The church we choose to become a part of will have a vital and undeniable influence on every member of our family. The church has a tremendous capacity to help both the family and our emerging adolescent. Conversely, it is possible for the atmosphere of the church to be detrimental to the growth of the young person and the family as well.
The church can provide a place where truth can be presented across the generations. As parents and children sit together listening to the same message, they may have different responses, but if parents will seek to have conversations about what they heard in church, they may get insights into how their children are thinking. It's possible they'll hear that their children are tuned out completely. That is important to know. The parent might consider offering an incentive for "answers" to specific questions gleaned from the Sunday morning message—extra game time, television time, maybe even money! It's possible your teen might consider listening in order to pocket some change. And he may hear something that will stick.
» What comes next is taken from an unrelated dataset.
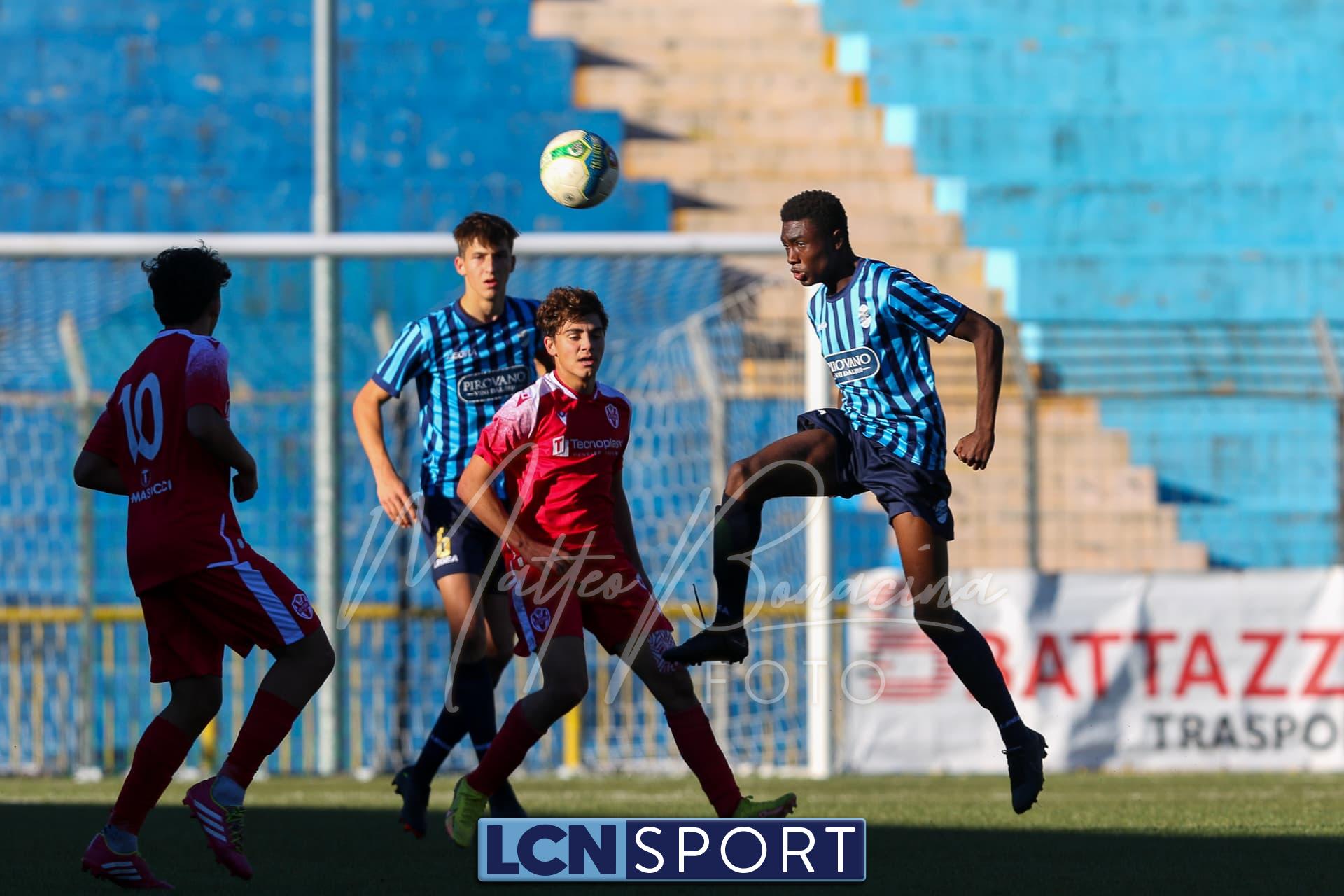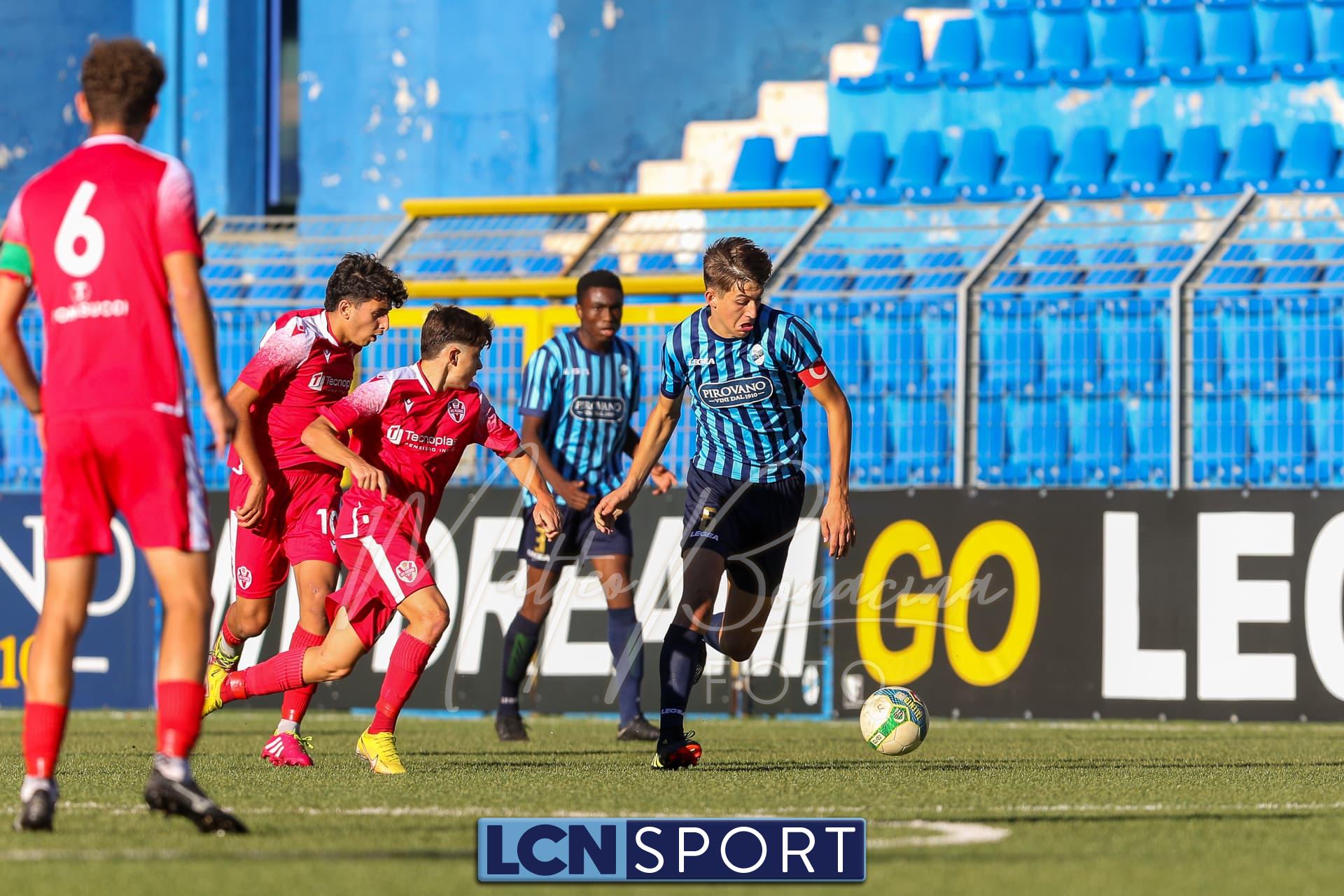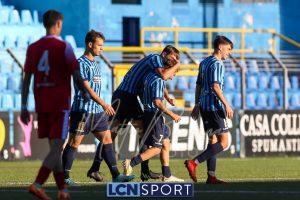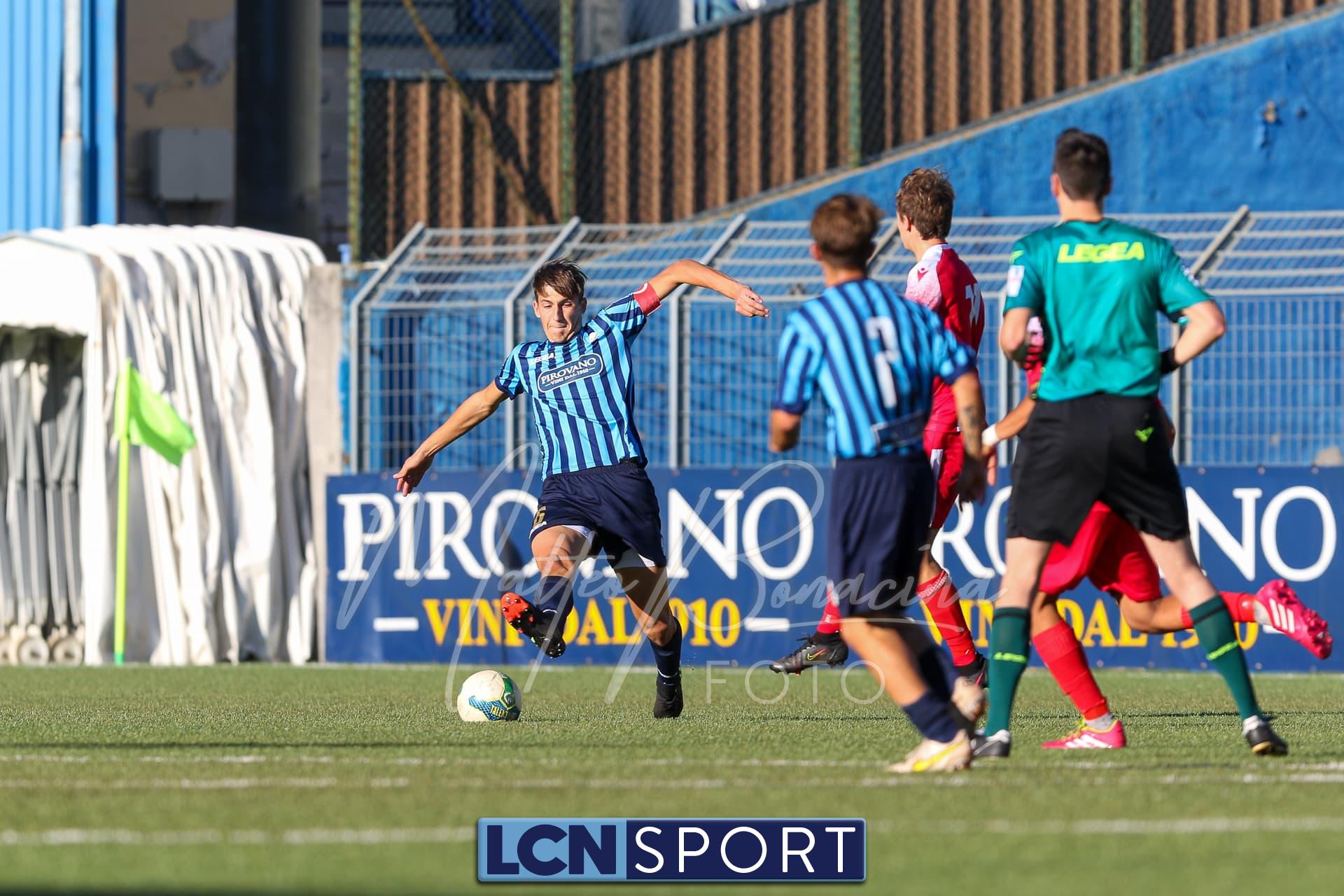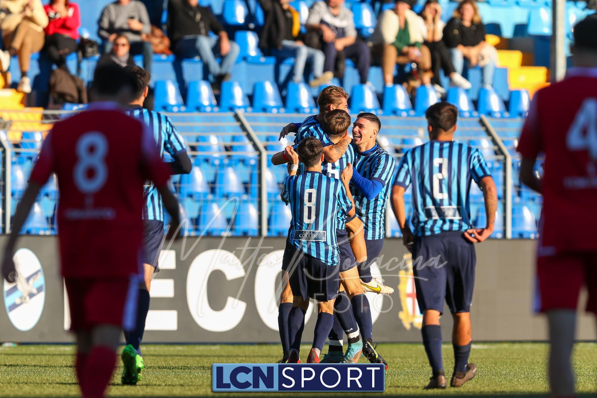 Sorpasso servito dalla Primavera 3 della Calcio Lecco 1912. I blucelesti allenati da mister Roberto Mastrolonardo tengono fede alla miglior classifica, battono la Vis Pesaro e si mettono davanti al Modena, battuto (2-0) a Vercelli. Ora l’attesa è tutta per domenica, quando Carrarese e Renate si sfideranno in Toscana: i brianzoli possono mettersi alla pari delle Aquile conquistando i tre punti. Nel frattempo sarà una notte speciale per i ragazzi vestiti con i colori del lago e del cielo, bravi a vincere la resistenza dei marchigiani, che si sono fatti valere e hanno dimostrato anche assaporato l’opportunità di strappare un punto. Dopo un primo tempo avaro di occasioni, è stato Camillo Ranfi, fosforo del centrocampo di casa, a sbloccare la gara a inizio ripresa: stop al limite, esterno perfetto che batte Fratti per il vantaggio. Gli ospiti non hanno mollato l’osso e poco dopo (9′) hanno creato una clamorosa occasione con Fiorani, bravo nel servire Bastianelli dalla linea di fondo, ma il compagno di squadra non ha raccolto l’invito, spedendo alle stelle tutto solo davanti a Malvindi. Scossa che arriva al Lecco: al 16′ capitan Lorenzo Bosia svetta sopra il parigrado pesarese e batte nuovamente Fratti con una bella inzuccata. A questo punto le Aquile abbassano il baricentro e gestiscono senza particolari patemi, con Malvindi che deve sbrogliare solamente una palla insidiosa piovuta nello specchio direttamente da calcio d’angolo sul finale di gara, spinta verso la porta anche dal vento che ha spirato incessantemente per tutto il match.

The church can provide a supportive extension of the family's values. This may be the only place in the teenager's world (aside from the family) that he hears a message that provides a restraining check on questionable activities. The church family, including youth leaders your teen likes and respects, can provide listening ears and counsel—someone to talk to besides Mom and Dad.
The Church Provides Opportunities for Social Growth and Service to Others
The social climate the church provides can be a place for the teen to find "something to do." It is important that the church community understands their role in providing positive and safe activities for its youth. For the teenager who feels he doesn't fit in with any group at school, he may find his place of social acceptance and belonging within the church.
The church can provide young people an opportunity to serve others and find a social conscience. Many churches plan short-term mission trips where the teen can experience firsthand some of the tremendous needs of the world we live in. Sacrifice whatever you have to in order to give your teenager such an opportunity.
If the church can be such an important part of our teenager's growing up experience, what is a parent to do when their child begins rebelling against attending services or youth activities?
First, the parent needs to examine what their particular church has to offer. One author suggests parents ask the question: "Is your church still breathing?" Is there a functioning youth group? Are the youth leaders "in tune" with adolescent thinking and wants? Does the church truly preach the gospel and biblical truth? Is this church too legalistic? Too liberal? Is it a small congregation with very few young people? Are you, the parent, bored with services but still attending out of habit? Is this church alive and growing, not necessarily in numbers but in spirit? Is it a healthy environment for young people?